Alle Auftraggeber sind gut beraten, die Versicherungspolice im Detail zu studieren. Immer wieder wird im Zusammenhang mit Schadenfällen festgestellt, dass der Leistungsvertrag keine Einheit mit der Versicherungspolice bildet. Daraus können Probleme entstehen.

Die Branche hofft aktuell vor allem auf die "Richtlinie des EU-Parlaments über Zahlungsdienste im Binnenmarkt", die sie erstmals in das "Cash-Recycling" einbindet. Welche zusätzlichen Sicherheitsmaßnahmen sind nötig?

Wieland Kaiser: Persönlich sehe ich eine schnelle Umsetzung des Cash-Recyclings nicht. Zwar wird das Netz der Bundesbank-Filialen weiter ausgedünnt, aber zum Cash-Recycling gehören immer drei Beteiligte. Einer der Geld liefert, einer der Geld benötigt und einer, der die Prozesse handelt. Der Lieferant von Geld, überwiegend der Handel, ist derzeit am Cash-Recycling über die Geld- und Wertdienstleister nicht interessiert. Hier spielen neben Haftungs- vor allem Kostenfragen eine entscheidende Rolle. Bei einem Geld- und Wert-Dienstleistern muss ein weitgehend ausgeglichenes Verhältnis zwischen eingehendem und ausgehendem Geld vorhanden sein. Dies ist bei weitem nicht überall gegeben. Cash Recycling beinhaltet, neben der erforderlichen Zulassung, zertifizierter Technik und erhöhten Anforderungen an die Bestandshaltung, auch eine nicht unwesentliche Personalfrage. In den letzten Jahren ist zu beobachten, dass der Bildungs- und Ausbildungsstand des eingesetzten Personals schwindet - und das bei stetig steigenden Anforderungen an das Prozesshandling.

Sind darüber hinaus Herausforderungen für die GuW-Unternehmen absehbar, die Sicherheitsfragen tangieren werden?
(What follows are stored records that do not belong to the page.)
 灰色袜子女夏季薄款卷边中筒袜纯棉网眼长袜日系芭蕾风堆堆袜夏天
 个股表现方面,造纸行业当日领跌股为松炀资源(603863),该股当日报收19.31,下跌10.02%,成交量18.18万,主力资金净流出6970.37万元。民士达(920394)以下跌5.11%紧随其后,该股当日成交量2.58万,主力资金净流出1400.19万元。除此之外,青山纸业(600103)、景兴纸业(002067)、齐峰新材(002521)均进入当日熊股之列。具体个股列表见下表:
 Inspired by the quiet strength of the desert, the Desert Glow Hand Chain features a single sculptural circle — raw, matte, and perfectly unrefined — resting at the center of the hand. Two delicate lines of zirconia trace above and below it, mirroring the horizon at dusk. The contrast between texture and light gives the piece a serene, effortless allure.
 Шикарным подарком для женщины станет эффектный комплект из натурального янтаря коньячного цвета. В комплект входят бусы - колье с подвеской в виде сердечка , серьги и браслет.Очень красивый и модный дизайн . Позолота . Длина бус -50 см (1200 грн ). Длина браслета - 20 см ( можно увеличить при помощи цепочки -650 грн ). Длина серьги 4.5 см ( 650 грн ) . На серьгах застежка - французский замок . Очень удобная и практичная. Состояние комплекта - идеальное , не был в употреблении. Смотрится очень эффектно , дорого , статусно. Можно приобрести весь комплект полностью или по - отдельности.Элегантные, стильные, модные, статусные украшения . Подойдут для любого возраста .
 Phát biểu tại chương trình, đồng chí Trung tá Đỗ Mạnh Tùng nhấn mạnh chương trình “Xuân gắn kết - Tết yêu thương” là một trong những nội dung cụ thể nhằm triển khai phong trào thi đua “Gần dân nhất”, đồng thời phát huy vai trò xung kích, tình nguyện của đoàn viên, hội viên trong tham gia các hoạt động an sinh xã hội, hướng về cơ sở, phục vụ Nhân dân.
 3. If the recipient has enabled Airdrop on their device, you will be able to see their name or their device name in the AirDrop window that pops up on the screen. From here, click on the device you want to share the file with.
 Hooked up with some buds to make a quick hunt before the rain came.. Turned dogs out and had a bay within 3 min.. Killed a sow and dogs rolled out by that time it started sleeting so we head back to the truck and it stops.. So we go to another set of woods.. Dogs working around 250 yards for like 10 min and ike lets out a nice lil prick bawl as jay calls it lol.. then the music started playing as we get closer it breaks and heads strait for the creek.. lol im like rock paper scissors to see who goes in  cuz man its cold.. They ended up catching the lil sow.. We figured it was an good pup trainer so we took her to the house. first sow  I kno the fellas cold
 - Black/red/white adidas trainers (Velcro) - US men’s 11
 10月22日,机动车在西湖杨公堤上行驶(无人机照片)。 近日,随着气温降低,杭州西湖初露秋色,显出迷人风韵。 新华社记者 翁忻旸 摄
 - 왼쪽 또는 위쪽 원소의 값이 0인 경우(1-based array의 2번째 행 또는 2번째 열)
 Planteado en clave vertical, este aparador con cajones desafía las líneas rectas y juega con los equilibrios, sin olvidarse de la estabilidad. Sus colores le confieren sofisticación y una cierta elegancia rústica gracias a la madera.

Wieland Kaiser: Sicherheitstechnisch sind wir sicherlich auf einem guten Wege. Die steigenden Anforderungen an logistische, banktechnische und technologische sowie IT-Prozesse fordern jedoch - wie erwähnt - den Einsatz von ausgebildetem Personal. Dies ist zu den gegenwärtigen Stundenlöhnen jedoch kaum bereitzustellen. In den einzelnen Unternehmen wird vielfach ein umfangreicher Teilbereich eines früheren Orgaleiters einer Bank in der Geldbearbeitung realisiert. IT-Bereiche müssten sicherheitstechnisch wie auch personell hochgefahren werden. Publikationspflichten gegenüber der Bundesbank/BaFin, wie etwa der Monatsausweis, würden eine Reihe von Unternehmen vor erhebliche personelle Probleme stellen. Nicht umsonst verfügen Banken und Handelsketten über Heerscharen von ausgebildeten Mitarbeitern in den Querschnittsbereichen. Vom Transporteur zum Systemdienstleister - das ist ein Weg, der viele Steine hat.